The Financial Express
 
 
 
 

 

 
   CORPORATE
Tuesday, January 08, 2002 
THE INDEX


Debt-driven growth

Crisil Q3: Ratings ratchet up business

Sachchidanand Shukla & Dhruv Rathi

Crisil, aided by a smart rebound in overall business during the quarter to December 2001, has posted a robust 62 per cent growth in its top line to Rs 16 crore. The factors like tardy industrial activities, slow investment and credit demand, despite falling interest rates, adversely impacted the rating major during the last few years.
However, during the latest quarter, ratings segment grew 53 per cent to Rs 11 crore which has accounted for 70 per cent of its revenue. Revenue from advisory services doubled to Rs 3.5 crore accounting for 22 per cent.


Despite a pick up in rating services through fiscal 2001, the company’s inability to check its expenses has further dented its profitability. In view of the fact that rating is a service business, staff expenses are high. Yet, cost control has led to a spurt in Crisil’s operating profit to Rs 8.8 crore. Consequently, OPM jumped by over 21 percentage points to 53 per cent on top of an improved performance in the immediately preceding quarter.

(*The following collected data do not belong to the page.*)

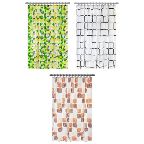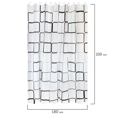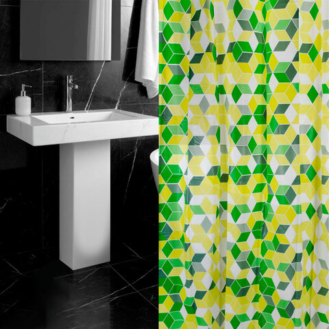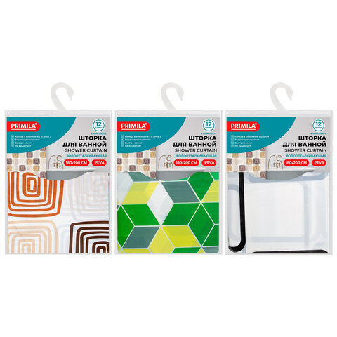 Шторка для ванной PEVA, 180х200 см, кольца в комплекте, дизайн ассорти, ФИГУРЫ, PRIMILA (ПРИМИЛА), 700075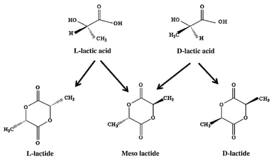 Polylactide acid stereo forms: L-lactide, D-lactide, and meso-lactide; Adapted from [66], with permission from Bioresource Technology; Elsevier, 2010.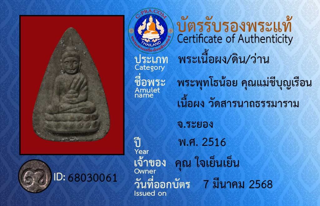 ชื่อพระ :พระพุทโธน้อย คุณแม่ชีบุญเรือน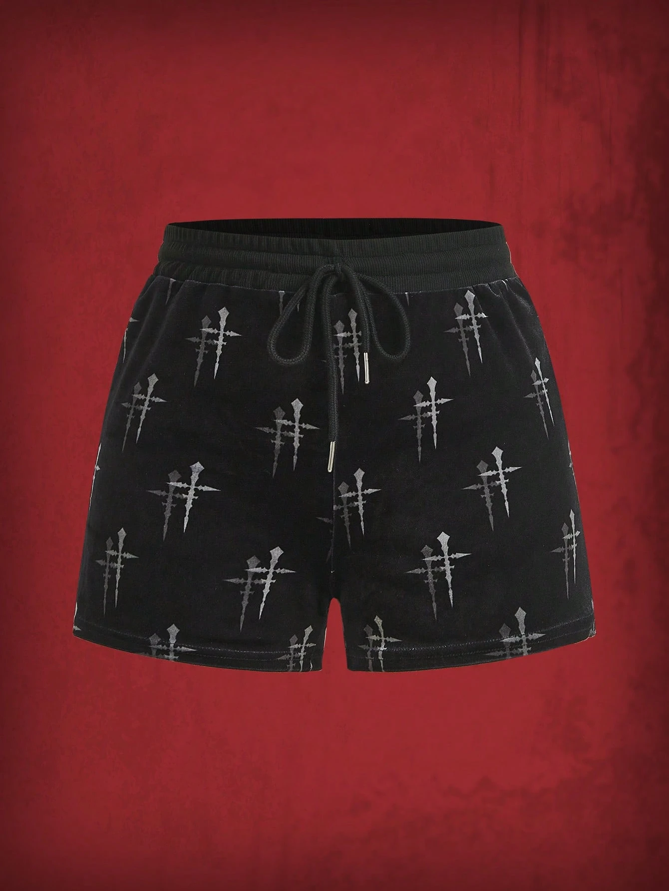 Grunge Punk Shorts incrociato stampa con coulisse a vita

However, despite being a debt-free company, high depreciation and tax charges that rose 55 per cent and 85 per cent respectively pared down the bottomline growth to 21 per cent at Rs 5.4 crore.

Besides the improved corporate debt activity, enhancement of rating portfollio to include hospital grading services may help Crisil. The company’s leveraging of its dot com subsidiary also augurs well. The dot com subsidiary has launched real time market coverage service - CRISIL Marketwire (CMW) that boasts of the second largest subscription base in the country.

Debt rating business today is a far cry from the peaks of 1994-95. Even if the current pick up in debt appraisal activity is sustained, a 65 per cent market share in the rating industry will substantially improve Crisil’s financial performance during the current fiscal. However, Crisil’s high dependence on the ratings business will keep its earnings prone to volatility owing to the cyclical nature of the business.

Parke Davis
Parke Davis is all set to merge with Pfizer Ltd. After major changes such as the sale of Saki Naka plant and premises and downsizing, the company is relying more on trading.

Net sales during the quarter to September 2001, declined marginally to Rs 57 crore (Rs 58 crore). Operating profits also came down eight per cent to Rs 9.5 crore and margin from 17.9 per cent to 16.7 per cent. A decline of 43 per cent in other income to Rs 2.3 crore was a major reason.

After the sale of a substantial part of fixed assets, depreciation sharply declined by 69 per cent to Rs 0.5 crore. This helped the company to post net profit at Rs Rs 5.2 crore up 35 per cent.

The merger of Parke Davis with Pfizer will lead to overlapping of brands in the same therapeutic segments. In cough syrup segment, Parke Davis has “Benadryl” and Pfizer has “Corex” brand. Benadryl’s annual sales is around Rs 25 crore and Corex’s Rs 71 crore. During the last few years, Benadryl’s growth has been stagnant but Corex has been growing at 15 per cent a year, fired mainly by a steady increase in its price.

Other products of Parke Davis do not clash with Pfizer’s. Parke Davis boasts many household brands like “Gelusil”, “Waterburrys compound”, “Ferradol”, “Agarol”, “Neko soap” and “Listerine”. The company’s product basket covers many therapeutic groups like gynecology, cardiology, neurology, paediatric and anti-infectives. It has a network of 2000 stockists evenly spread over four major regions of the country helping the company to move its drugs all across the country efficiently.

The market share of ‘Benadryl’ and ‘Gelusil’ has been falling as a result of strong competition from other brands like Corex (Pfizer) and Digene (Knoll). The company is likely to spend Rs 25 crore on strengthening of these brands.

After the merger, the company will benefit from the marketing muscle of Pfizer’s additional 800 market representatives. The company will also benefit from huge research and development of their parent company that may spend $ 4.7 billion on research and development.